Although few genes or markers for traits of economic importance in beef cattle have been discovered to date, the pace of progress is increasing. The first few tests are now being marketed to cattlemen worldwide, but for quantitative traits, such as growth or carcass traits, the results are of limited use unless they are included in calculations for EPDs.
Incorporation of such tests into genetic evaluations is not difficult once the effect of the gene is well-documented. Genetic evaluations using gene or marker tests will provide more-accurate evaluation of animals at a younger age and allow more cost-effective evaluation of traits that are difficult or expensive to measure.

Genetic terminology
A review of terminology may be in order before proceeding. Key terms are chromosome, DNA and gene.
Chromosomes are structures in the nucleus of cells that store genetic information in the form of DNA.
Deoxyribonucleic acid, or DNA, is a molecule made up of a chain of bases (A, T, G and C). Although much of the DNA sequence within any chromosome is believed to be meaningless, certain sections of chromosomes (genes) control the synthesis of proteins in cells. Protein synthesis determines the characteristics of an organism.
Thus, a gene is a sequence of DNA bases on a chromosome that causes an organism to have a certain characteristic. Animals and plants have many chromosomes, and each chromosome contains many genes. The precise locations of most genes are unknown, especially in livestock.
The number of chromosomes that several species of animals possess is listed in Table 1. As chromosomes vary in size and number of genes, the number of chromosomes is not related to the complexity of the animal.
Chromosomes are arranged into homologous pairs. These chromosome pairs have similar size and structure and contain genes for the same traits. For example, humans have 46 chromosomes, or 23 homologous pairs. The sex chromosomes that determine gender (XX for female or XY for male) are one of the homologous pairs. With 60 chromosomes, cattle have 30 homologous pairs, or two each of 30 different types of chromosomes.
Each gene can take on two or more different forms, called alleles, which result in different characteristics. For example, all cattle have two genes for either red or black coat color, one on each member of a homologous pair of chromosomes.
A parent will contribute one randomly chosen chromosome from each homologous pair to its offspring. When an individual has two identical alleles for the same trait, they are homozygous (homo = same). When the two alleles for a trait are different, they are heterozygous (hetero = different).
An example of this is the red/black coat color in cattle. In this system, the gene for black color (B) is dominant to red color (b). Animals that have genes for black color on both members of the homologous pair of chromosomes (BB), like most Angus, are called homozygous black and always will pass a black gene to their offspring. Those with one black gene and one red gene (Bb) are heterozygous, but they are also black in color.
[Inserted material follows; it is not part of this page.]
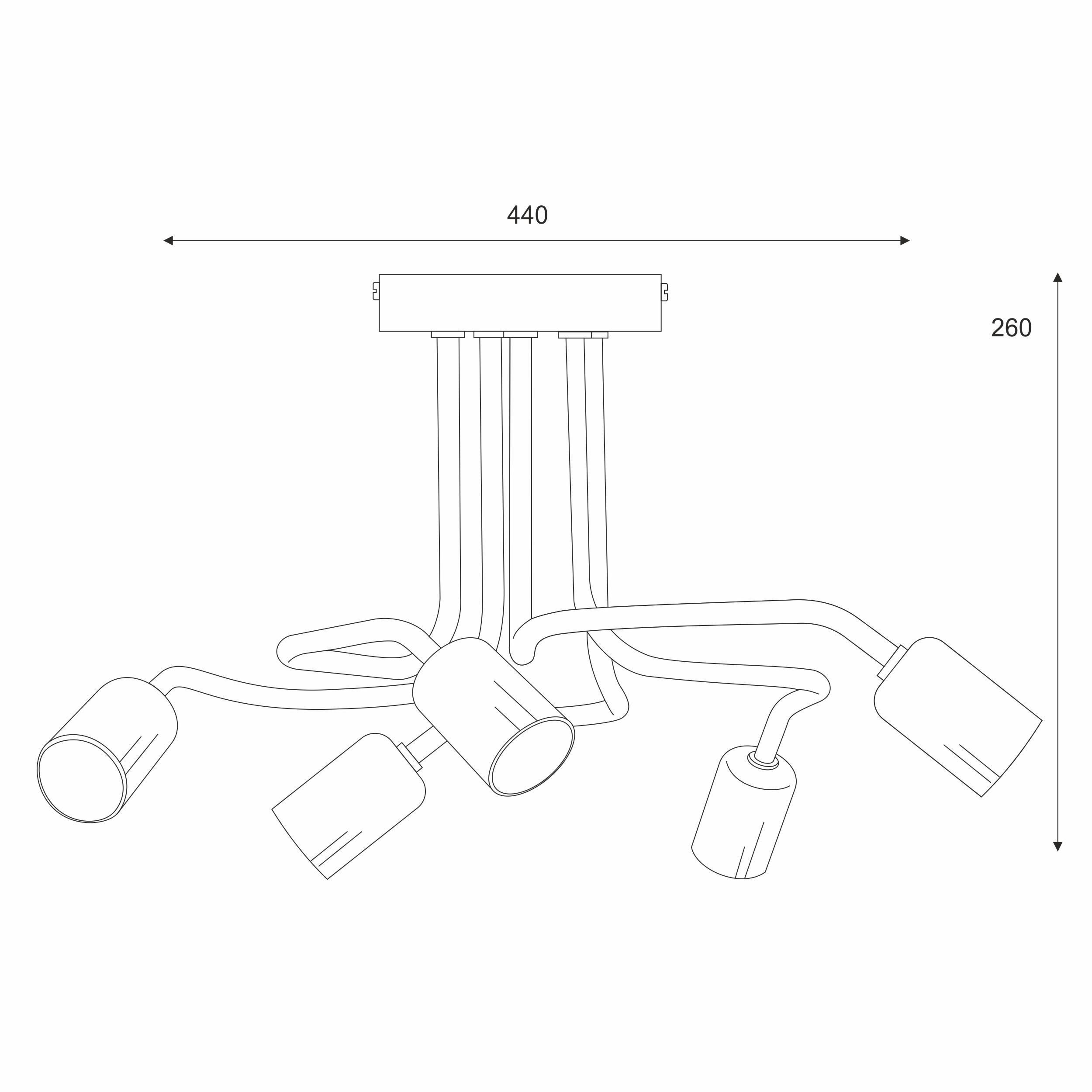 Svart Joiy-taklampa med fem spridda uttag i ett trähus - tillverkad i Europa Den femlampiga Joiy-taklampan har ett modernt och lekfullt utseende med sina vridna armar av svartlackerat stål. De är riktade åt olika håll och har varsitt lamputtag med ett hölje av ljus ek, vilket ger Joiy-taklampan en naturlig touch. Designen utan skärm kan kompletteras med dekorativa glödlampor.

However, these heterozygous, or red-carrier, animals will pass on a gene for black color half the time and a gene for red color the balance of the time. Because red color is recessive, all red animals are homozygous red (bb), and they always pass on the gene for red color.

Qualitative vs. quantitative traits
Traits can be classified as either qualitative (having a quality) or quantitative (having a quantity). Traits like red or black color, diluted or nondiluted color (red or yellow), and horned or polled are examples of qualitative traits. One or a few genes determine these traits, and they fall into distinct classes.
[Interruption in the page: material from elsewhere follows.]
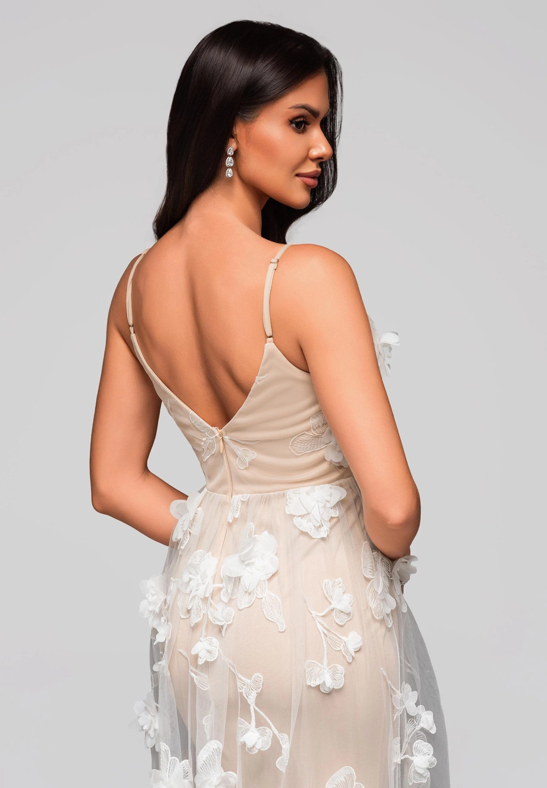 Sukienka wieczorowa LA-OM-DLR203- beżowa

Quantitative traits are those that show a continuous, usually bell-shaped distribution. All performance traits of cattle are quantitative traits. These traits are influenced by many, possibly hundreds, of genes. Each gene is assumed to have a relatively small effect, although “major genes” that control a greater portion of the variation in a trait are theoretically possible.
Quantitative traits are the result of genes for factors that control growth, development, reproduction, lactation and other biological processes. Genes that influence weaning weight might actually control production or recognition of hormones and other factors affecting growth. Most economically important traits in beef cattle are quantitative traits. Genes that have a measurable effect on quantitative traits are called quantitative trait loci (QTL).

Mapping genes
Genes can be found by either direct mapping in the species of interest, such as cattle, or by comparative mapping from other species, such as humans or mice. Considerably more money has been invested in mapping the human and mouse genomes than in livestock genetics. Livestock species are more difficult to manipulate genetically than mice, and the generation interval is much longer. Many genetic sequences are common across species due to the evolutionary relationships they share. Most discoveries of QTL in livestock originated from research on humans or mice.
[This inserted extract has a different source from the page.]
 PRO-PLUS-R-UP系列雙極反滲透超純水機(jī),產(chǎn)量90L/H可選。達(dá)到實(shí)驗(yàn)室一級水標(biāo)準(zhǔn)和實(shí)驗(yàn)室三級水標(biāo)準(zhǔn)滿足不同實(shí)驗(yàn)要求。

An example of comparative mapping benefiting livestock producers is the discovery of the red/black gene in cattle, formally known as the melatonin receptor gene. The red/black coat color gene was first mapped in mice. Researchers interested in cattle observed the discovery and noted that the location of the gene in mice corresponds with a region on Chromosome 18 in cattle. Once researchers focused on that specific region, they were able to map the red/black gene in cattle in a short period of time. Similar efforts resulted in the mapping of the double-muscling (myostatin) gene in cattle.
Currently, only a few genes have been mapped fully in cattle. The gene test for red/black coat color is commercially available, and the double-muscling test could be if demand warranted. However, finding the exact genes that cause an effect, while difficult for qualitative traits, is even more difficult for quantitative traits.
At this writing, one gene test for a qualitative trait, called GeneStar Marbling, is being marketed to beef cattle producers. This gene was discovered by Australian government researchers and is now commercially available in many countries, including the United States. It tests for the presence of a gene influencing production of thyroglobulin, which is involved in fat synthesis.
Although the effects of the marker have not been peer-reviewed, the company selling the test claims significant increases in marbling for animals that have two copies of the favorable gene. The effect of the gene on subcutaneous (sub-Q) fat or kidney, pelvic and heart (KPH) fat has not been reported. The reported frequencies of the GeneStar Marbling marker in Angus, Wagyu and other breeds are listed in Table 2. The cost of the test is currently $80/sample.
Marker-assisted selection
A genetic marker is a known DNA sequence that is believed to be located physically near a QTL. These markers have a statistical association with a particular trait because the marker and the actual gene will be inherited together most of the time. Markers are a step toward finding the actual genes for a trait; but, in some cases, producers could use marker tests for selection before the precise location of the gene is known.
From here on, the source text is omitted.